If the program is then run once, and it picks right, and you were asked what the odds were, would you answer 100% because right was picked? No, you would answer 50% because the odds never changed. Knowing the outcome doesn't change what the odds were before the event occurred.
Yeah but the question is asked after the event. Before the event you don't even know what it is you want to calculate. In your scenario you've setup a situation where you know the possible outcomes beforehand (left or right) so it makes sense to calculate the odds. The OP posted a completely random event that could have been anything so it was a certainty.
The question could as well be 'what are the odds of the exact same thing occurring again?'
This is correct and that should have been the question asked but human nature stops people from doing so because they want to go "Wow look at that? What were the odds!!!".
That moment you casually get the same [useless] minion 3 times in a single turn from Shifter Zeruses. Seriously, what are the odds? 1/*number of minions in the game* x 1/*nomitg* x 1/*nomitg*. Someone please calculate that.
Somehow I managed to win this game only dropping a minion when I had access to 6 mana, btw :P tried to add the opponent afterwards to tell him about what happened but he never accepted. That's on you, stupid BM'ers.
I'm pretty sure it's not [1/nomitg]^3, it's actually just [1/nomitg]^2. It doesn't matter what minion the first Zerus is, just that the second and third are the same one.
The question is kinda flawed. You picked a random event and said "Wow, what were the odds of that?". It was in fact a certainty because you're asking for the odds of an event that had already occurred and picked the event that happened.
You could pick any event and ask the same thing. This is why I have no respect for Kripp's moaning in his chat when he says things like "damn that's no fireball in 10 arena runs, what are the chances? I'm so unlucky!!!", give us a break.
For future reference the probability of getting least 3 of the same minion out of 5 Shifter Zerus's is ((n-1)² * 10 + (n-1) * 5 + 1)/n⁴ where n is the size of the cardpool.
LOL are you serious?
If the program is then run once, and it picks right, and you were asked what the odds were, would you answer 100% because right was picked? No, you would answer 50% because the odds never changed. Knowing the outcome doesn't change what the odds were before the event occurred.
You can find me here!
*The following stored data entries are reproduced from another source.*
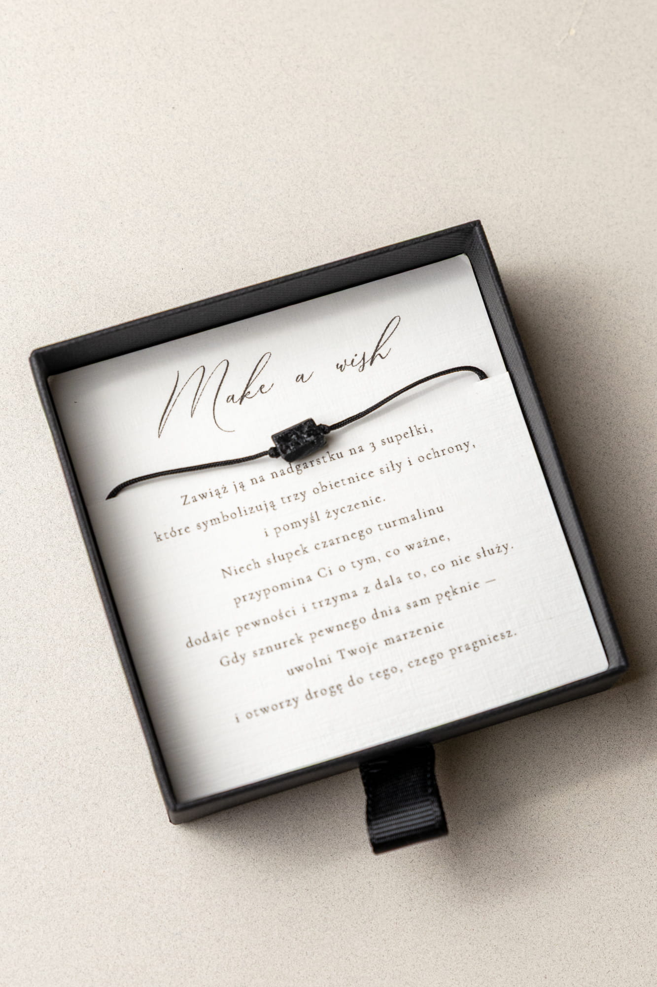 Niech słupek czarnego turmalinu przypomina Ci o tym, co ważne, dodaje pewności i trzyma z dala to, co nie służy. Gdy sznurek pewnego dnia sam pęknie — uwolni Twoje marzenie i otworzy drogę do tego, czego pragniesz.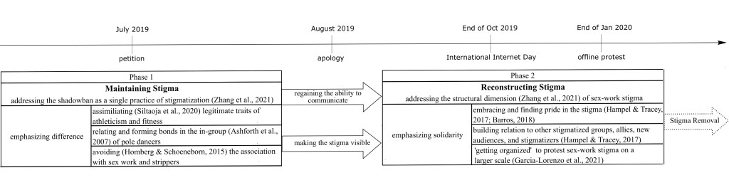 The analysis shows how pole dancers and other stigmatized groups manage stigmatization through a process of stigma maintenance and stigma reconstruction. By emphasizing their difference to sex work through assimilating fitness jargon and distancing themselves from the sex industry, the pole dancers maintain the stigma but regain their communicative abilities by siding with Instagram. This victory initiates a shift in emphasizing solidarity and allows pole dancers and other stigmatized groups to embrace the stigma, forge new ties, and reach out to (non-)stigmatized groups to reconstruct stigma jointly (see Figure 1 below).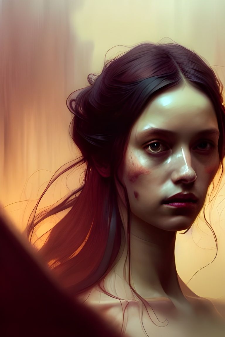 A digital portrait of a woman in a watercolor style with photorealistic elements. The artwork conveys a tragic and sinister mood through its deep colors.

Good luck everyone!
I assume there are 598 minions in HS at the moment. This is why, please feel free to correct me:
You had 5 copies of Shifter Zerus that turn. There are (5 choose 3) = 10 choices of exactly 3 of them to become Wilfred Fizzlebang that turn. Hence the probability of that happening is
(5 choose 3) * (1/598)^3 (597/598)^2 = 0.0000000466.
Bemooran is right at pointing out that if you only ask for any card to be repeated three times among your five Shifter Zeruses then the probability goes up to
(5 choose 3) * (1/598)^2 (597/598)^2 = 0.00002787.
Auto squelch. That's all I'm asking for.
This is correct and that should have been the question asked but human nature stops people from doing so because they want to go "Wow look at that? What were the odds!!!".